Schade, auch dieser Trailer wirkt wieder wie eine 08/15 Actionserie mit Zombies und anderen Kreaturen.
Hätte mich wirklich gefreut, wenn es nicht nur dauerndes Rumgeballer wird, sondern mehr in Richtung Grusel gegangen wäre. Werde mir die Serie ganz sicher anschauen, aber bisher sind meine Erwartungen ehrlich gesagt ähnlich niedrig wie beim "Welcome to Raccoon City" Film.


----------



## floppyexe (9. Juni 2022)

Cobar schrieb:


> Hätte mich wirklich gefreut, wenn es nicht nur dauerndes Rumgeballer wird, sondern mehr in RIchtung Grusel gegangen wäre.


Genau so!


----------



## Baer85 (9. Juni 2022)

Welcher Zombiefilm oder Serie ist denn jemals in Richtung Grusel gegangen (Zombies sind meiner Meinung nach für Grusel auch nicht sonderlich gut geeignet)?  Bei Atmo würde ich ja mitgehen aber Grusel? 
Ich freu mich jedenfalls darauf. Wird bestimmt unterhaltsam sein.


----------



## xXFiskXx (9. Juni 2022)

Dieser Inhalt steht nur eingeloggten Mitgliedern zur Verfügung.
        


Kann man sich sparen


----------



## Atma (9. Juni 2022)

Baer85 schrieb:


> Welcher Zombiefilm oder Serie ist denn jemals in Richtung Grusel gegangen (Zombies sind meiner Meinung nach für Grusel auch nicht sonderlich gut geeignet)?  Bei Atmo würde ich ja mitgehen aber Grusel?


Vielleicht kein Grusel, dafür aber enorm angsteinflößend: 28 Days Later

Würde mir mehr Filme in diese Richtung wünschen. Der lahme, schlürfende Zombie lockt niemanden mehr hinterm Sofa vor.


----------



## Cobar (9. Juni 2022)

Baer85 schrieb:


> Welcher Zombiefilm oder Serie ist denn jemals in Richtung Grusel gegangen (Zombies sind meiner Meinung nach für Grusel auch nicht sonderlich gut geeignet)?  Bei Atmo würde ich ja mitgehen aber Grusel?
> Ich freu mich jedenfalls darauf. Wird bestimmt unterhaltsam sein.

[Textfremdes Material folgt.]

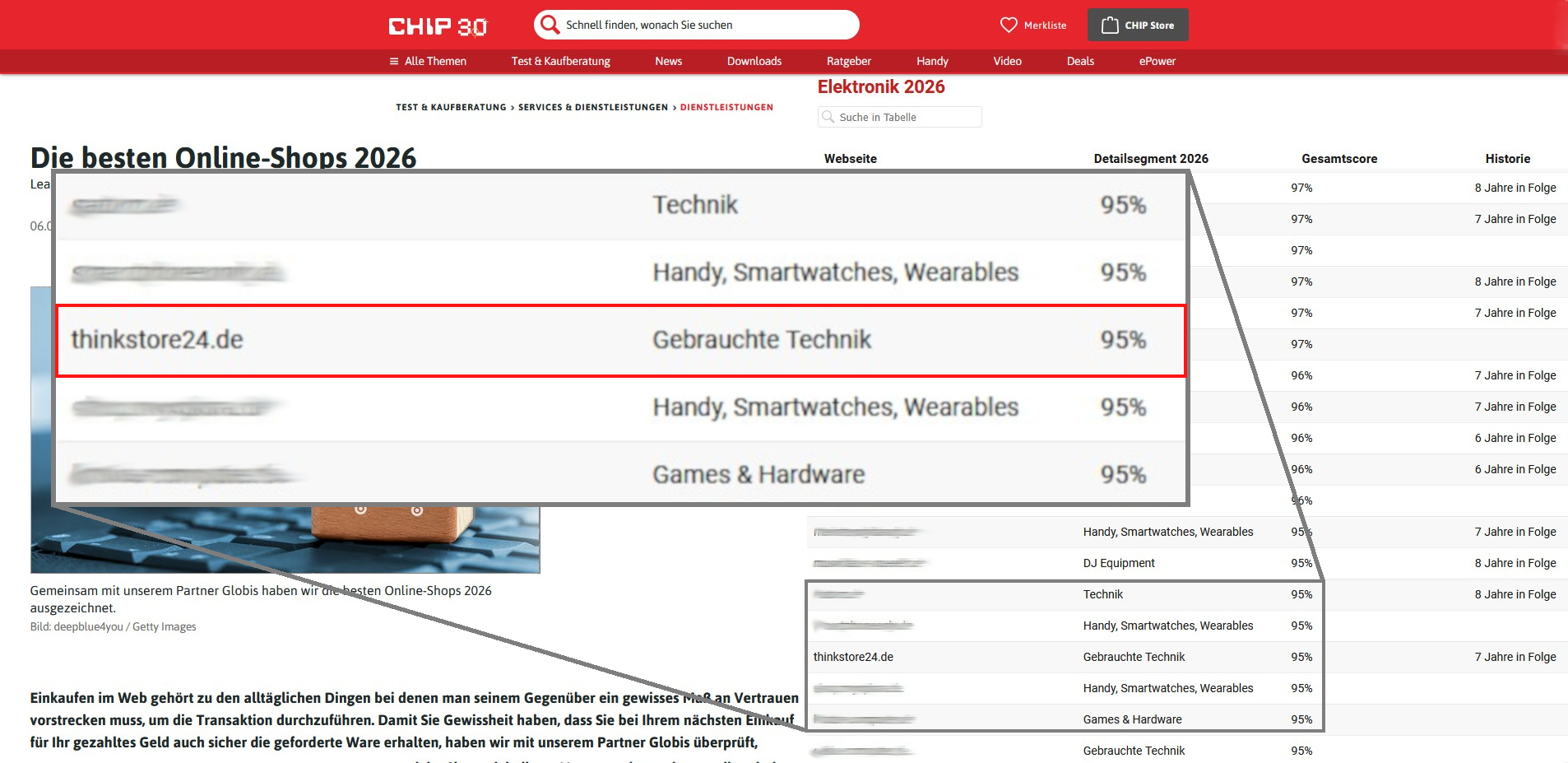 Nur 14% aller untersuchten Webshops konnten sich in allen Kriterien behaupten und wurden als CHIP Leading Shops ausgezeichnet. Wir freuen uns sehr, dass ThinkStore24.de auch zu dieser Zahl gehört – und das bereits zum siebten Mal in Folge!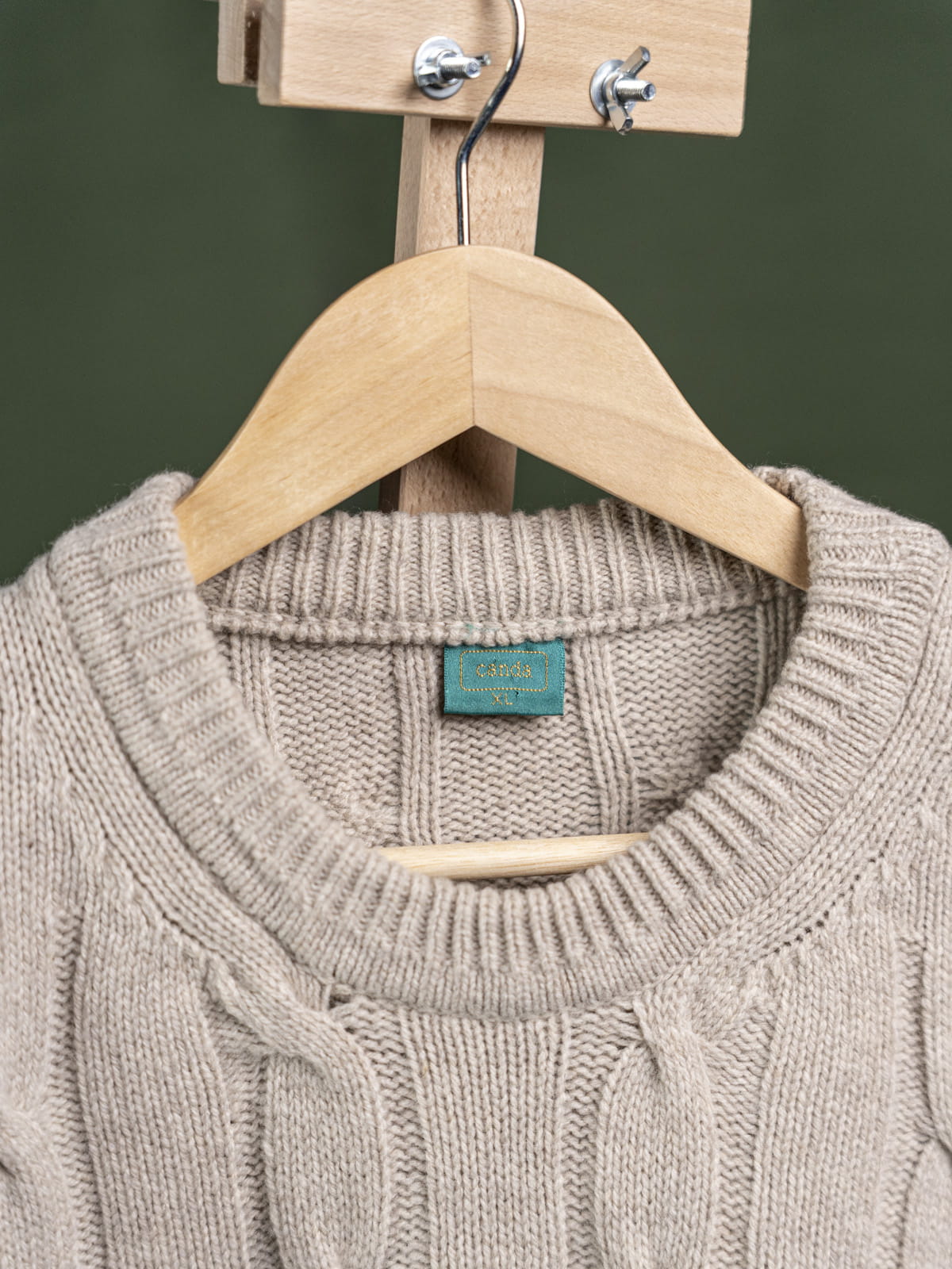 Canda beżowy warkoczowy zimowy sweter męski z wełny r. XL

Gibt ja nicht nur Zombies im RE Universum, da kann man also schon so einiges rausholen, wenn man das möchte.


----------



## Baer85 (9. Juni 2022)

28 Days later meinte ich mit super Atmo. Aber ich würde die Infizierten da nicht als typische Zombies klassifizieren.


Atma schrieb:


> Würde mir mehr Filme in diese Richtung wünschen. Der lahme, schlürfende Zombie lockt niemanden mehr hinterm Sofa vor.

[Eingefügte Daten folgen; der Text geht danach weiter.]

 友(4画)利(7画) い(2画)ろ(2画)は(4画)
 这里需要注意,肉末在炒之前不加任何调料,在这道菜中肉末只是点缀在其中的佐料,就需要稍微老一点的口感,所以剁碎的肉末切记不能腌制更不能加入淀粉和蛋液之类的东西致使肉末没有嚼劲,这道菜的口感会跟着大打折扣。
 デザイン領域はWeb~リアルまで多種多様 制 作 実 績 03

In dem Trailer laufen die Zombies doch auch oder hab ich mich da getäuscht? 
Ich persönlich kann mit laufenden Zombies nicht sehr viel anfangen. Ich würde mir wünschen, dass es wieder mehr klassische schlurfende und vor sich hin zerfallende Zombies geben würde. 
Für schnelle Action gibt es ja genug Monsteralternativen.


----------



## ΔΣΛ (9. Juni 2022)

xXFiskXx schrieb:


> Dieser Inhalt steht nur eingeloggten Mitgliedern zur Verfügung.
> 
> 
> 
> Kann man sich sparen


Wen interessiert was andere von einem Trailer halten, wenn man nur das bringt was die Mehrheit mag wird die Serien/Film-Landschaft sehr überschaubar, es hat schon seinen Grund das man "gefällt mir nicht" ausgeblendet hat.


----------